PATI - Di tengah geliat pembangunan fisik program TNI Manunggal Membangun Desa (TMMD) Reguler ke-128 Kodim 0718/Pati, upaya membangun kesadaran lingkungan juga digencarkan. Salah satunya melalui sosialisasi pencegahan pencemaran lingkungan yang digelar Perhutani KPH Pati di Balai Desa Godo, Kecamatan Winong, Jumat (24/4/2026).
Suasana balai desa pagi itu tampak berbeda. Puluhan warga duduk menyimak dengan serius materi yang disampaikan perwakilan Perhutani, Heko. Dengan bahasa sederhana namun lugas, ia mengajak masyarakat untuk mulai peduli terhadap kondisi lingkungan sekitar.
“Menjaga lingkungan bukan hanya tanggung jawab pemerintah, tetapi juga kewajiban kita bersama. Lingkungan yang sehat akan memberikan manfaat jangka panjang bagi kehidupan masyarakat, ” ujar Heko di hadapan peserta.
Kegiatan ini menjadi bagian dari sasaran nonfisik TMMD, yang tidak hanya berorientasi pada pembangunan infrastruktur, tetapi juga peningkatan kesadaran dan kualitas hidup masyarakat desa.
Dalam paparannya, Heko menekankan pentingnya menjaga keseimbangan ekosistem dengan langkah sederhana yang bisa dilakukan setiap warga.
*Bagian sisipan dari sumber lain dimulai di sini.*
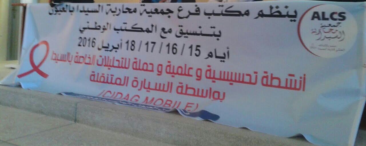 نظم فرع جمعية محاربة السيدا بالعيون بتنسيق مع المكتب الوطني للجمعية انشطة تحسيسية و علمية و حملة للتحليلات الخاصة بالسيدا أيام 15 / 16 / 17 /18 أبريل 2016 في مدن العيون، المرسة و بوجدور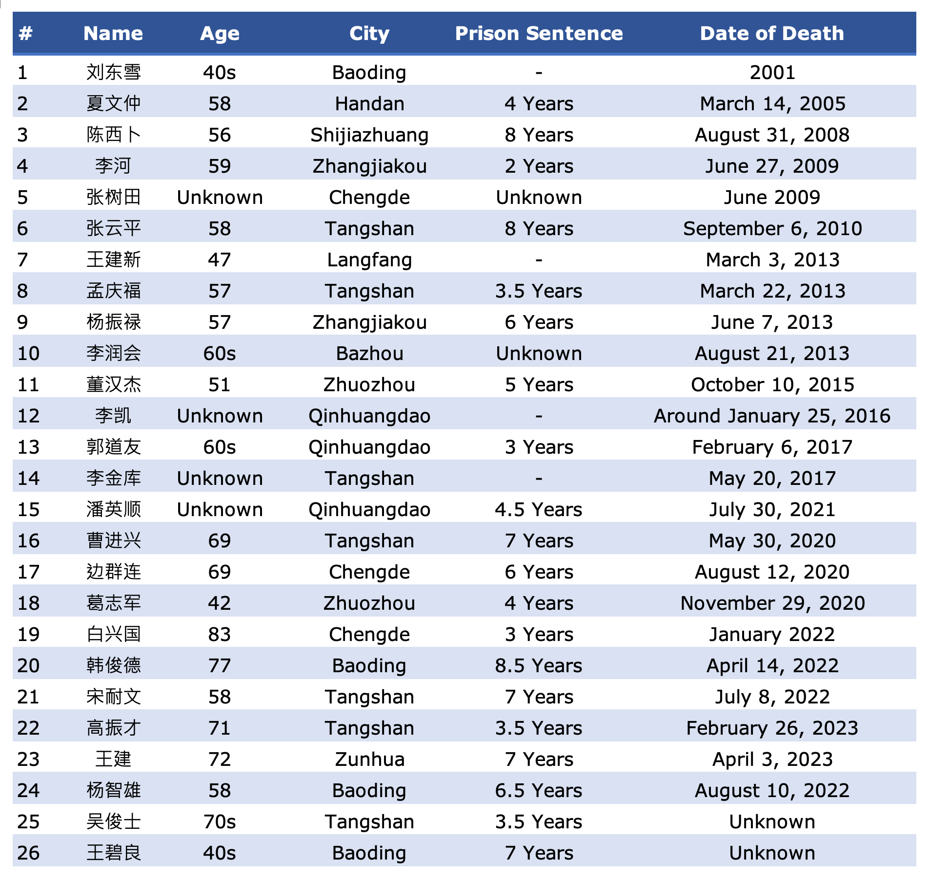 Otkako je Komunistička partija Kine (KPK) u julu 1999. pokrenula progon Falun Gonga, mnogi muški praktikanti Falun Gonga su nakon izricanja presude poslati u zatvor Điđong. U zatvoru je skoro 30 praktikanata progonjeno do smrti.
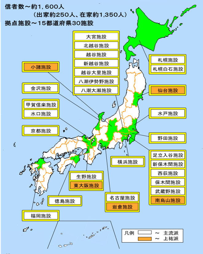現在、教団は、15都道府県に30か所の拠点施設を有し、信者数は、その活動状況等から合計で約1,600人(出家約250人、在家約1,350人)とみられます。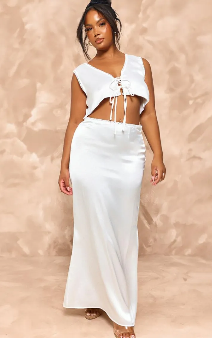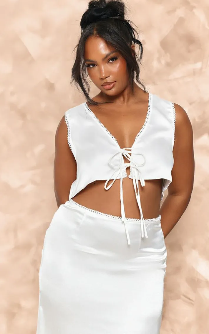 When the weekend calls so does this plus ivory satin tie front V neck top. Brought to you in a ivory hue satin material with a tie front fastening and V neck design, this top is a must have. How can you not fall in love? Style with the matching top, white heels and gold accessories for a flattering finish we can’t stop staring at.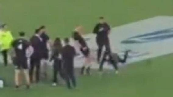 在门多萨,全黑队队长萨姆·凯恩伸出一只脚,绊倒了一名跑到球场上的年轻球迷。

Salah satunya adalah membiasakan menanam pohon di sekitar rumah.
“Minimal satu rumah satu pohon. Selain membantu mengurangi polusi udara, ini juga bisa menjaga kesejukan lingkungan dan mencegah dampak perubahan iklim secara lokal, ” jelasnya.
Ia juga mengingatkan bahwa kerusakan lingkungan sering kali berawal dari kebiasaan kecil yang diabaikan, seperti membuang sampah sembarangan atau tidak menjaga kebersihan saluran air. Jika dibiarkan, hal tersebut berpotensi memicu bencana seperti banjir dan kerusakan lahan.
Program edukasi ini mendapat respons positif dari warga. Mereka menilai kegiatan tersebut membuka wawasan baru tentang pentingnya menjaga lingkungan demi keberlangsungan hidup generasi mendatang.
Kepala Desa Godo, Soewondo menyebut, sosialisasi semacam ini sangat relevan dengan kondisi desa yang sebagian wilayahnya masih bergantung pada sektor pertanian dan sumber daya alam.
“Kesadaran masyarakat sangat penting. Kalau lingkungan terjaga, hasil pertanian juga akan lebih baik dan kehidupan warga ikut meningkat, ” ujarnya.
Melalui pendekatan edukatif dalam TMMD ke-128 ini, diharapkan masyarakat Desa Godo tidak hanya merasakan manfaat pembangunan fisik, tetapi juga memiliki kesadaran kolektif untuk menjaga alam. Upaya kecil yang dilakukan bersama diyakini mampu menjadi benteng awal dalam mencegah pencemaran dan kerusakan lingkungan.